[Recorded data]
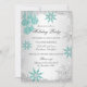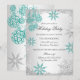 Convite para Festa de Feriado Azul Teal. Design de floco de neve de pérolas de prata. Por favor, note: todas as imagens planas, elas não têm joias reais!
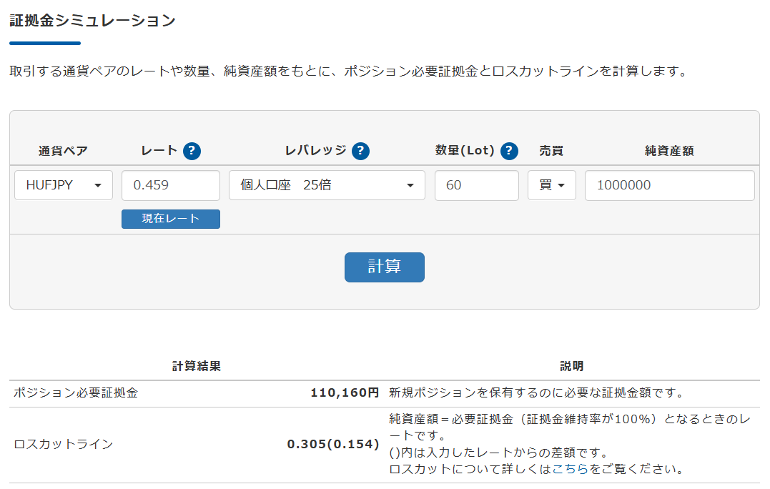 今のレートから100万円の資金でHUF/JPY(ハンガリーフォリント/円)を60Lot(600万通貨)を保有した場合は、0.305円まで下落した場合にロスカット決済(強制的に決済)されるため、歴代の最安値0.3110円まで耐えられることになります。
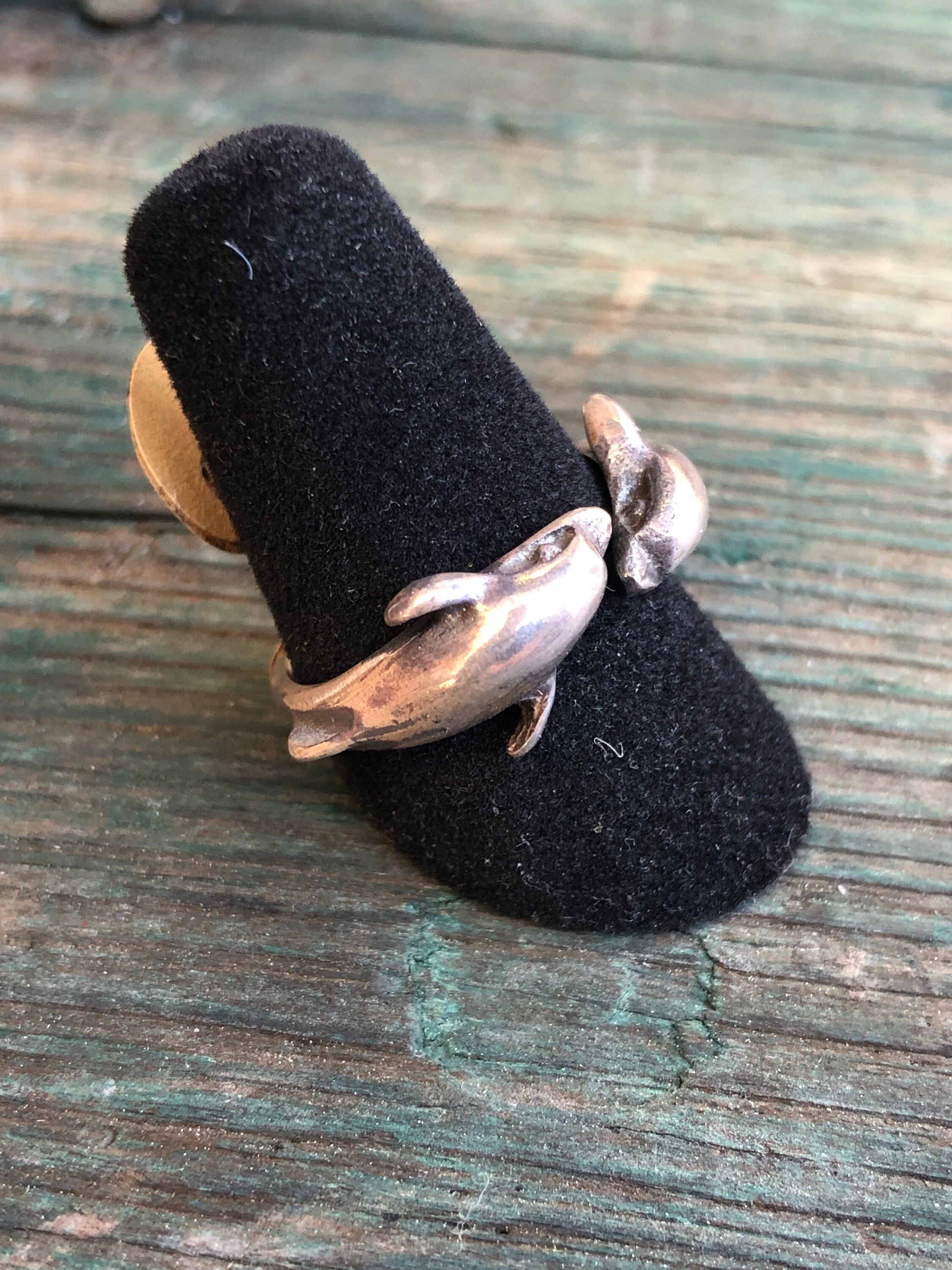 Vintage Sterling Silver Double Dolphin Open Bypass Ring
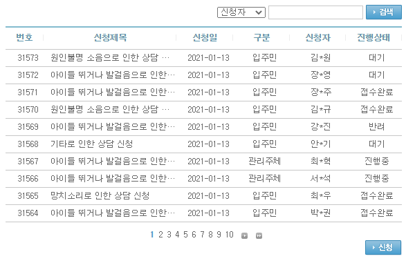 층간소음 이웃사이센터 상담신청 게시판 현황 : 2021년 1월 13일 기준
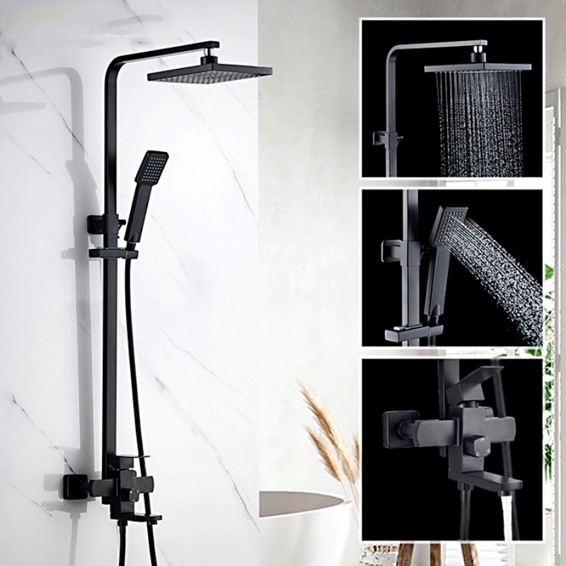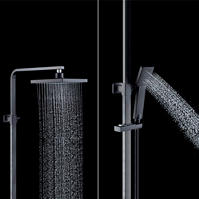 В комплекте: душевая штанга, верхний душ, кронштейн для верхнего душа, ручной душ, душевые шланги, держатель для ручного душа. |
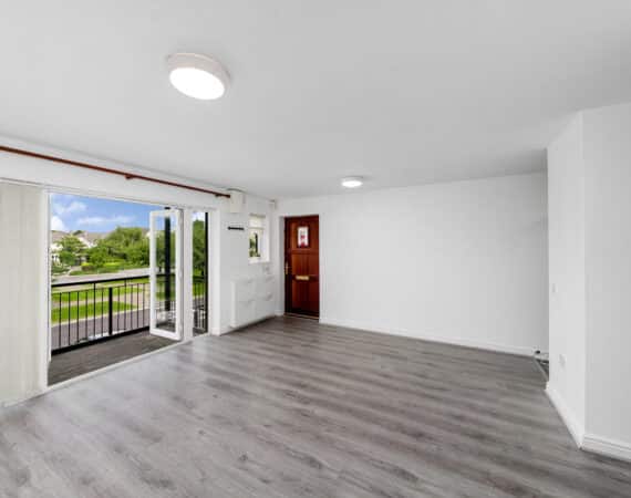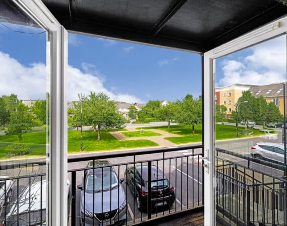 Bright and spacious internal accommodation of c. 70 sq.m comprises of an entrance hallway with, a main family bathroom, two double bedrooms with fitted wardrobes, the master benefitting from an en-suite and balcony doors allowing natural sunlight to flood the room along with the second double bedroom containing a Large Storage space. The open plan kitchen/living and dining area is both practical and stylish, with access to a private balcony overlooking landscaped communal grounds.
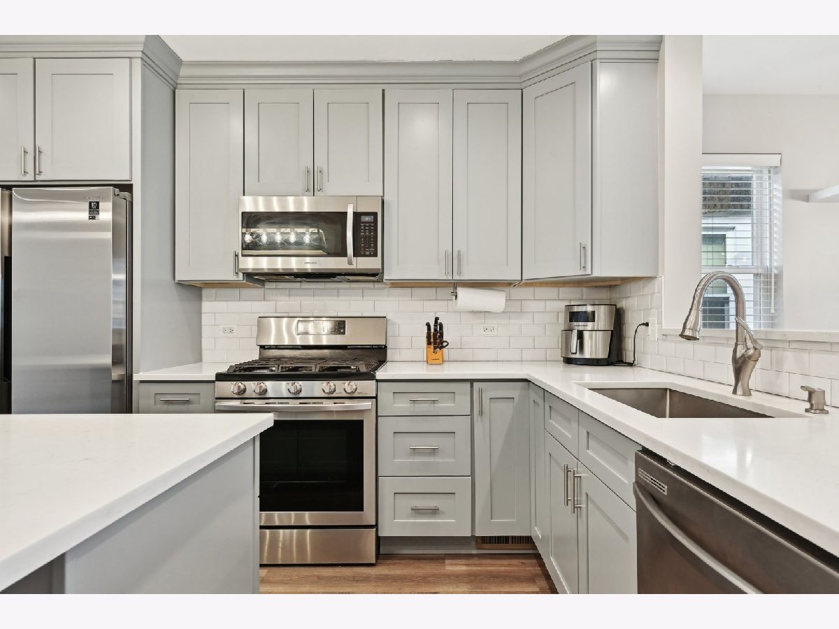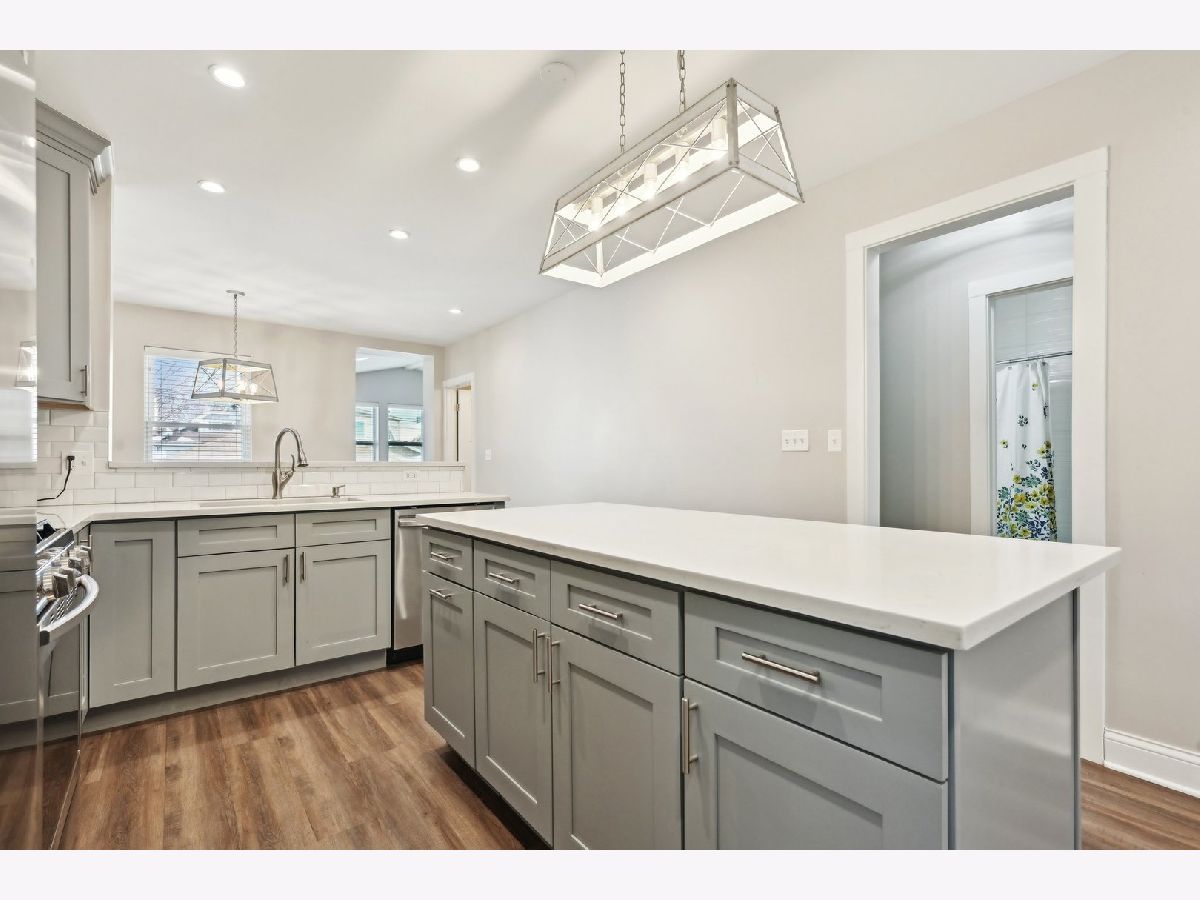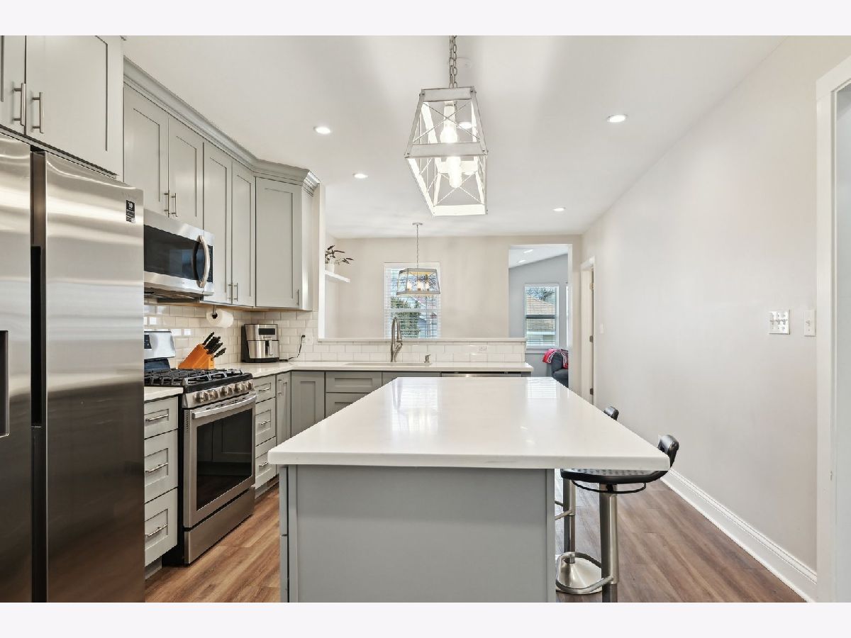 Welcome home to this beautifully updated, move-in-ready, 3-bedroom house that was completely renovated in 2021. With less than 5 years of age to the updates, this home has so much to offer. Enter through the spacious sunroom or sitting area, adorned with an abundance of natural light. As you make your way to the chef's kitchen, you will notice the modern stainless steel appliances, solid surface stone countertops, subway tile backsplash, recessed can lighting, high-end shaker-style cabinets with crown molding, spacious island, a large pantry, an under-mount sink, and designer plumbing fixtures. The open-concept kitchen seamlessly flows into the dining room large enough to host your dinner parties and the back living room, which features vaulted ceilings and additional can lighting. On the main level, you will find two spacious bedrooms with sizable closets and one and a half bathrooms. The luxury vinyl plank flooring adds to the elegance of the main floor and finished basement along with recessed lighting throughout the home. All major components, including windows, furnace, AC, power vent water heater, electrical system, decking, and doors, were updated in 2021. The fully finished lower-level basement (walk-out) includes a large living space, an additional third bedroom, and a bathroom, along with a bonus laundry/utility room that is spacious enough for a large side-by-side washer and dryer. Did I mention tons of closet/ storage space! The home was waterproofed in 2023. The unfinished walk-up attic is ready for your ideas and is large enough for a primary bedroom suite. This property also boasts a two-car garage and a comfortable backyard with a stamped concrete patio and new fence in 2023. Light and bright, this home is truly a delight! It is conveniently located near parks, North Branch Trails, Brickyard Mall, transportation, and more! Come make this your home today!
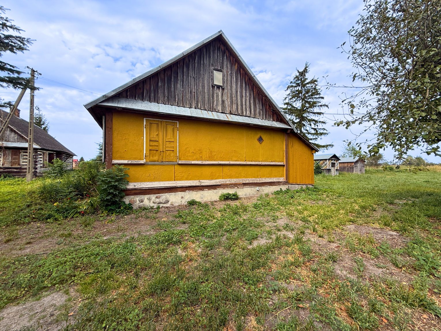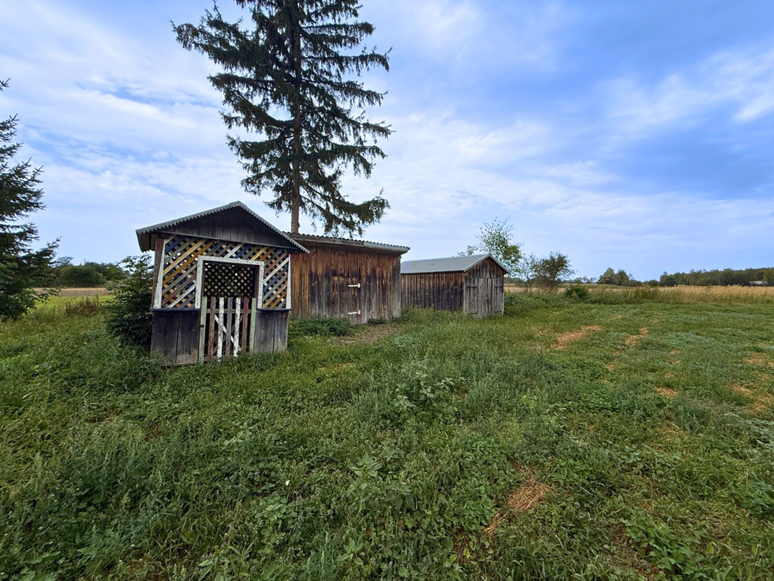 - dwa drewniane budynki gospodarcze – przydatne do przechowywania sprzętu czy drewna.
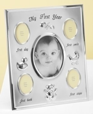 -. Feature : Silver frame with 5 photo displays; 1 large, 4 small: First Day, First Smile, First Bath, First Steps
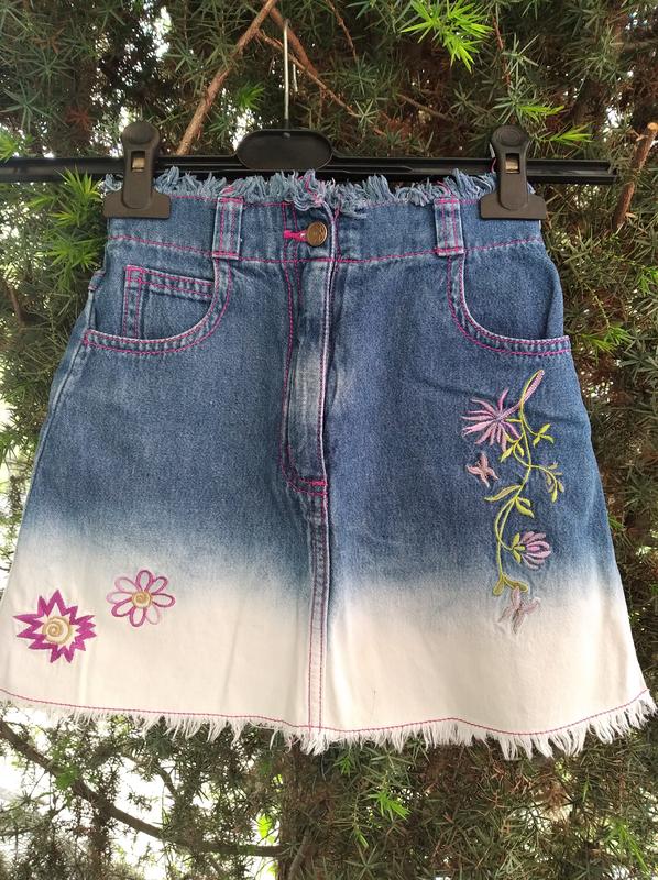 гарна синьо-біла джинсова спідниця,з кишенями спереду та позаду,малюнок вишитий,позаду резиночка. Виробник Туреччина Заміри: довжина-30/об'єм по резинці-25, тягнеться до 32см

- Problem -
Transcribe each entry above without alteration, but keep the pictures out.

- Exercise solution -
 Convite para Festa de Feriado Azul Teal. Design de floco de neve de pérolas de prata. Por favor, note: todas as imagens planas, elas não têm joias reais!
 今のレートから100万円の資金でHUF/JPY(ハンガリーフォリント/円)を60Lot(600万通貨)を保有した場合は、0.305円まで下落した場合にロスカット決済(強制的に決済)されるため、歴代の最安値0.3110円まで耐えられることになります。
 Vintage Sterling Silver Double Dolphin Open Bypass Ring
 층간소음 이웃사이센터 상담신청 게시판 현황 : 2021년 1월 13일 기준
 В комплекте: душевая штанга, верхний душ, кронштейн для верхнего душа, ручной душ, душевые шланги, держатель для ручного душа. |
 Bright and spacious internal accommodation of c. 70 sq.m comprises of an entrance hallway with, a main family bathroom, two double bedrooms with fitted wardrobes, the master benefitting from an en-suite and balcony doors allowing natural sunlight to flood the room along with the second double bedroom containing a Large Storage space. The open plan kitchen/living and dining area is both practical and stylish, with access to a private balcony overlooking landscaped communal grounds.
 Welcome home to this beautifully updated, move-in-ready, 3-bedroom house that was completely renovated in 2021. With less than 5 years of age to the updates, this home has so much to offer. Enter through the spacious sunroom or sitting area, adorned with an abundance of natural light. As you make your way to the chef's kitchen, you will notice the modern stainless steel appliances, solid surface stone countertops, subway tile backsplash, recessed can lighting, high-end shaker-style cabinets with crown molding, spacious island, a large pantry, an under-mount sink, and designer plumbing fixtures. The open-concept kitchen seamlessly flows into the dining room large enough to host your dinner parties and the back living room, which features vaulted ceilings and additional can lighting. On the main level, you will find two spacious bedrooms with sizable closets and one and a half bathrooms. The luxury vinyl plank flooring adds to the elegance of the main floor and finished basement along with recessed lighting throughout the home. All major components, including windows, furnace, AC, power vent water heater, electrical system, decking, and doors, were updated in 2021. The fully finished lower-level basement (walk-out) includes a large living space, an additional third bedroom, and a bathroom, along with a bonus laundry/utility room that is spacious enough for a large side-by-side washer and dryer. Did I mention tons of closet/ storage space! The home was waterproofed in 2023. The unfinished walk-up attic is ready for your ideas and is large enough for a primary bedroom suite. This property also boasts a two-car garage and a comfortable backyard with a stamped concrete patio and new fence in 2023. Light and bright, this home is truly a delight! It is conveniently located near parks, North Branch Trails, Brickyard Mall, transportation, and more! Come make this your home today!
 - dwa drewniane budynki gospodarcze – przydatne do przechowywania sprzętu czy drewna.
 -. Feature : Silver frame with 5 photo displays; 1 large, 4 small: First Day, First Smile, First Bath, First Steps
 гарна синьо-біла джинсова спідниця,з кишенями спереду та позаду,малюнок вишитий,позаду резиночка. Виробник Туреччина Заміри: довжина-30/об'єм по резинці-25, тягнеться до 32см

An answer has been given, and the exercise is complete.